The Pediatric Heart Network is a group of hospitals in the United States and Canada that conducts research studies in children with congenital or acquired heart disease. Congenital heart defects occur in approximately 40,000 infants in the U.S. each year and are a major cause of infant death. Acquired heart disease can cause death and long-term disability.

In the past 25 years, fewer than 40 randomized clinical trials have been done in patients with congenital or acquired heart disease. There are several reasons for this. Many hospitals or single doctors do not see enough children with any one type of heart disease in order to perform certain studies and have meaningful results. Parents have been unable to enter their children into studies because they are not aware of them, they don't live near a research site or may have reservations about enrolling their child.

"By building a community between highly-esteemed research institutions in Michigan, across the country and Canada, we are able to work together to ensure better outcomes for children with cardiac diseases," Goldberg says.

The Pediatric Heart Network was started in 2001 by the National Heart, Lung, and Blood Institute to study problems in children with heart disease. Nine studies have been done since 2001 at children's hospitals with research teams that specialize in the care of patients with heart disease. All centers do the same studies. This helps to increase the total number of patients needed for each study.

About C.S. Mott Children's Hospital:

The University of Michigan C.S. Mott Children's Hospital is consistently ranked as one of the best hospitals in the country. It was nationally ranked in all ten pediatric specialties in the U.S. News Media Group's 2011 edition of "America's Best Children's Hospitals" including third in the country for heart and heart surgery. In November, the hospital moves to a new 1.1 million square feet, $754 million state-of-the-art facility that will be home to cutting-edge specialty services for newborns, children and women.

About the U-M Congenital Heart Center at Mott Children's Hospital:

As an international referral center for children with complex congenital heart problems, Michigan Congenital Heart Center at C.S. Mott Children's Hospital is the second largest congenital heart program in the United States. Our pediatric specialists perform over 850 cardiac operations each year -- from the most common to the most complex -- and maintain a 95% survival rate. U.S. News & World Report ranks C.S. Mott Children's Hospital 3rd in the nation in children's heart care and heart surgery.

SOURCE University of Michigan Health System

 www.prnewsrire.com 

Sharing our Journeys 

Share your story with It's My Heart!

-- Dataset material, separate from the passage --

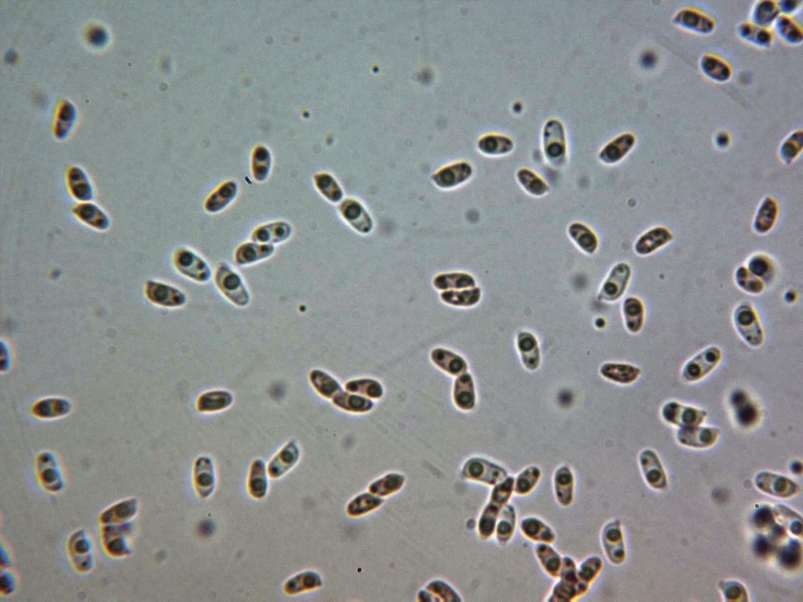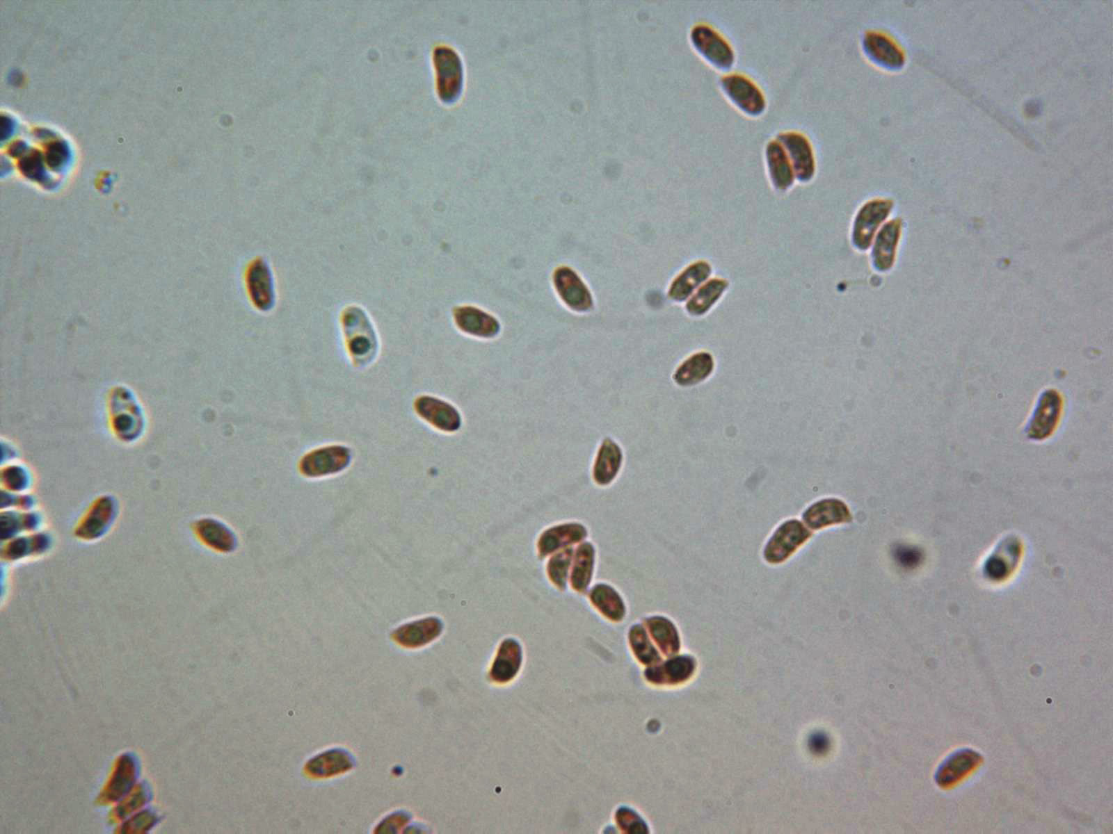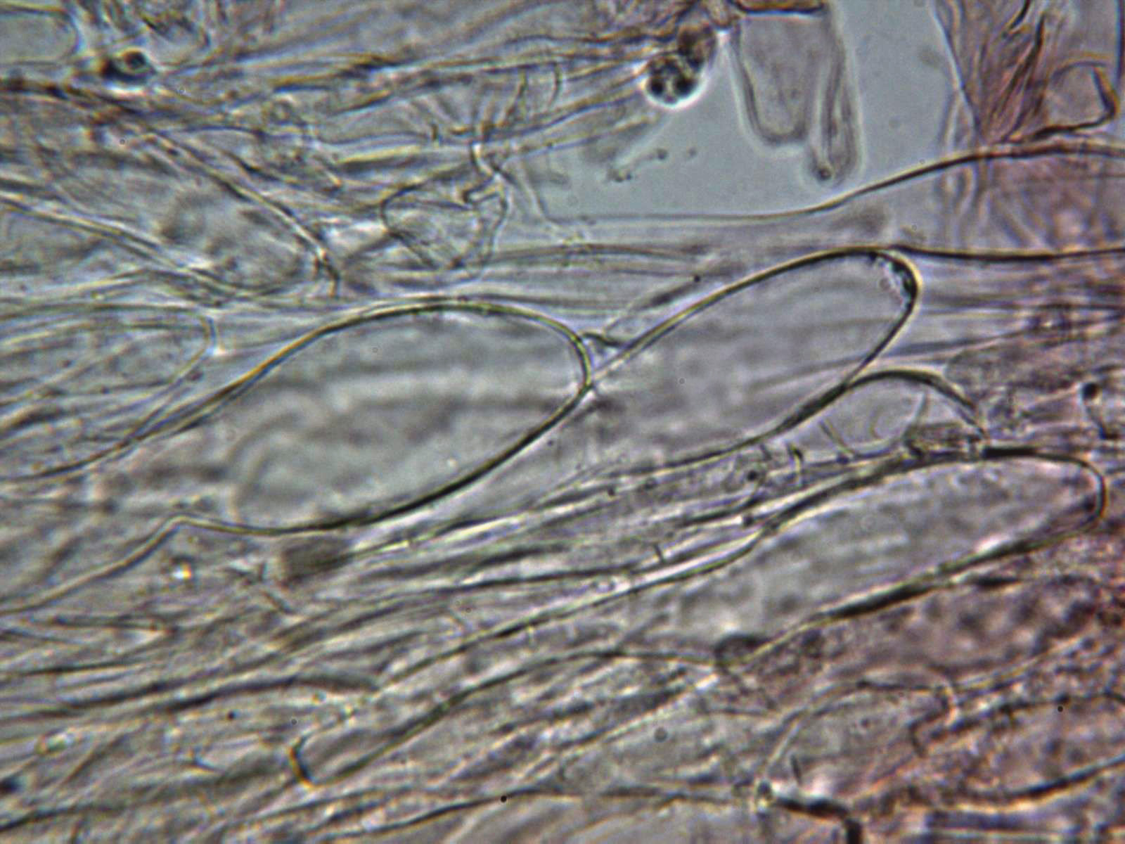 Hifas de la parte media del pié a 400 aumentos, aquí ya sin caulocistidios.

We want to hear about your Heart Journey. Your story may be selected to be highlighted in our monthly national newsletter! Just send us your story written in a few paragraphs-be sure to include your (or your child's) diagnosis (how and when), your treatment plan, and an update on how you (or your child) is doing now. Please send a picture to go with your story and submit it at heartstories@itsmyheart.org.

Follow Us on the Web 

Heart Journey

This Heart Journey is told by Joshua's mother, Amy:

In September of 2009 Hurricane Ike made it's fierce landfall in Texas, leaving most Houstonians without water, electricity, or cable.  It was a tough time for Houstonians for weeks to follow while power was being restored to homes in a city of 4 million.  We were lucky, as our electricity was restored the day after the hurricane.  However, you couldn't get out, shop, or do anything.

What's interesting about these situations is that there is a baby boom nine months later & they are deemed "Hurricane Babies".  I guess when the power is out, and you're stuck at home, there isn't anything better to do than procreate.

My husband, Joe & I were thrilled to learn that we would be having a Hurricane Baby.  Our second child was due nine months later - almost to the date.

Friday, June 12, 2009 was our big due date.  I was scheduled for a c-section on Monday, the 15th, but I begged my doctor to at least allow me to go into labor on my own.  And I did.  On Saturday afternoon I started feeling contractions.  By 11 pm, after a day of tracking my contractions, I was certain this was the real thing.  I went to the hospital & it was confirmed.  I was so grateful to have the chance to go through 9 hours of labor before being wheeled into the OR.

On Sunday, June 14, 2009 at 1 am, Joshua Barish Weisman was born.  He was perfect.  Ten fingers, ten toes, dark brown hair, and blue eyes.  He was entirely everything we had dreamed he would be.

 We were in heaven.  We introduced our 2 year old, Ben to his brother, and had our first photo taken as a family of four. Joshua was checked in the nursery by our amazing pediatrician, Angela Chia, of Fannin Pediatrics that Sunday.  He underwent all of the standard newborn screening tests.  The next day, as I sat in my room with Josh alone, Dr. Chia came in to check him again.  Being the incredible doctor that she is, and recalling her daily visits when we had Ben, I was not at all alarmed to see her, though I found it a bit curious to see her in the morning, as she usually came in the evening after the practice closed.

The first thing Dr. Chia did was unwrap Josh from his swaddle & listened to his heart with her stethoscope.  And she listened, and listened... moving the stethoscope, listening intently.  My heart began to sink a little.

As she removed her stethoscope, I asked, "Is everything okay?"'

Dr. Chia:  "Joshua has a heart murmur."

I breathed a sigh of relief.  "Oh, okay.  A lot of people have heart murmurs.  It may run in my family because I have one & so does my brother."

Dr. Chia:  "I'm ordering a chest x-ray and an echo cardiogram of his heart, just to be on the safe side."

I said, "Okay, whatever you think we need to do."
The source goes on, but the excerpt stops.